Telegram bot reporting experiment status.
TensorBoard reporting stats.
Colour logging
All of the above come with no extra setup. Trust me and try some examples.

** Papers implemented **

[Official] TC Reordering and GrayST (Kim et al. 2022).
ProSelfLC (CVPR 2021).

This package is motivated by PySlowFast from Facebook AI. The PySlowFast is a cool framework, but it depends too much on their config system and it was difficult to add new models (other codes) or reuse part of the modules from the framework.
This framework by Kiyoon, is designed to replace all the configuration systems to Python files, which enables easy-addition of custom models/LR scheduling/dataloader etc.
Just modify the function bodies in the config files!

Difference between the two config systems can be found in CONFIG_SYSTEM.md.

Getting Started

Jupyter Notebook examples to run:

HMDB-51 data preparation
Inference on pre-trained model from the model zoo, and visualise model/dataloader/per-class performance.
Training I3D using Kinetics pretrained model
Using image model and ImageNet dataset

is provided in the examples!

Structure

All of the executable files are in tools/.
dataset_configs/ directory configures datasets. For example, where is the dataset stored, number of classes, single-label or multi-label training, dataset-specific visualisation settings (confusion matrix has different output sizes)
model_configs/ directory configures model architectures. For example, model definition, input preprocessing mean/std.
exp_configs/ directory configures other training settings like optimiser, scheduling, dataloader, number of frames as input. The config file path has to be in exp_configs/[dataset_name]/[model_name]_[experiment_name].py format.

Usage

Preparing datasets

This package supports many action recognition datasets such as HMDB-51, EPIC-Kitchens-55, Something-Something-V1, CATER, etc.
Refer to DATASET.md.

Training command

CUDA_VISIBLE_DEVICES=0,1,2,3 python tools/run_train.py -D {dataset_config_name} -M {model_config_name} -E {exp_config_name} --local_world_size {num_GPUs} -e {num_epochs}

--local_world_size denotes the number of GPUs per computing node.

Telegram Bot

You can preview experiment results using Telegram bots!

If your code raises an exception, it will report you too.

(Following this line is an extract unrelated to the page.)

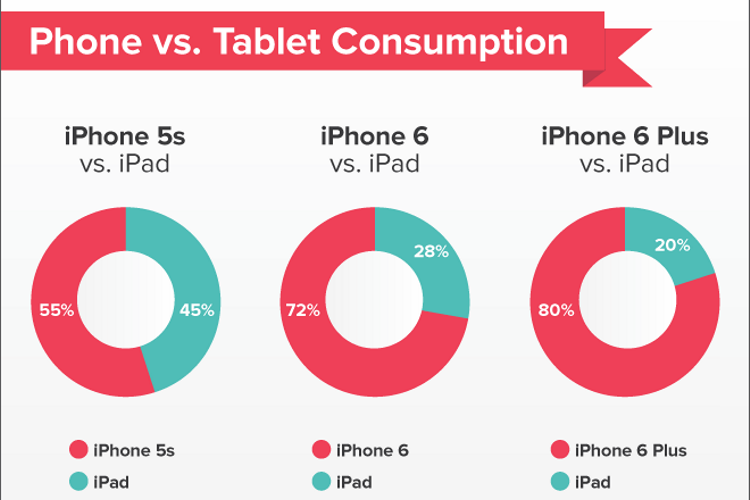 Se pare că, odată cu adoptarea noilor modele de smartphone, iPhone 6 dar mai ales iPhone 6 Plus, utilizatorii acestora care posedau și iPad au migrat tot mai mult înspre folosirea telefonului. Este până la urmă o transpunere a situației generale și la nivel de comunitate fidelă produselor Apple. Cifrele pe care vi le arătăm mai jos sunt posibile urmărind comportamentul utilizatorilor care posedă atât smartphone-ul cât și tableta casei, în anumite aplicații.

You can quickly take a look at example video inputs (as GIF or JPEGs) from the dataloader.
Use tools/visualisations/model_and_dataloader_visualiser.py

Talk to BotFather and make a bot.
Go to your bot and type anything (/start)
Find chat_id at https://api.telegram.org/bot{token}/getUpdates (without braces)
Add your token and chat_id to tools/key.ini.

[Telegram0]
token=
chat_id=

Model Zoo and Baselines

Refer to MODEL_ZOO.md

Installation

Refer to INSTALL.md.

TL;DR,

conda create -n videoai python=3.8
conda activate videoai
conda install pytorch==1.9.1 torchvision==0.10.1 cudatoolkit=10.2 -c pytorch
### For RTX 30xx GPUs,
#conda install pytorch==1.9.1 torchvision==0.10.1 cudatoolkit=11.1 -c pytorch -c nvidia
 

git clone --recurse-submodules https://github.com/kiyoon/PyVideoAI.git
cd PyVideoAI
git checkout v0.3
git submodule update --recursive
cd submodules/video_datasets_api
pip install -e .
cd ../experiment_utils
pip install -e .
cd ../..
pip install -e .

Experiment outputs

The experiment results (log, training stats, weights, tensorboard, plots, etc.) are saved to data/experiments by default. This can be huge, so make sure you make a softlink of a directory you really want to use. (recommended)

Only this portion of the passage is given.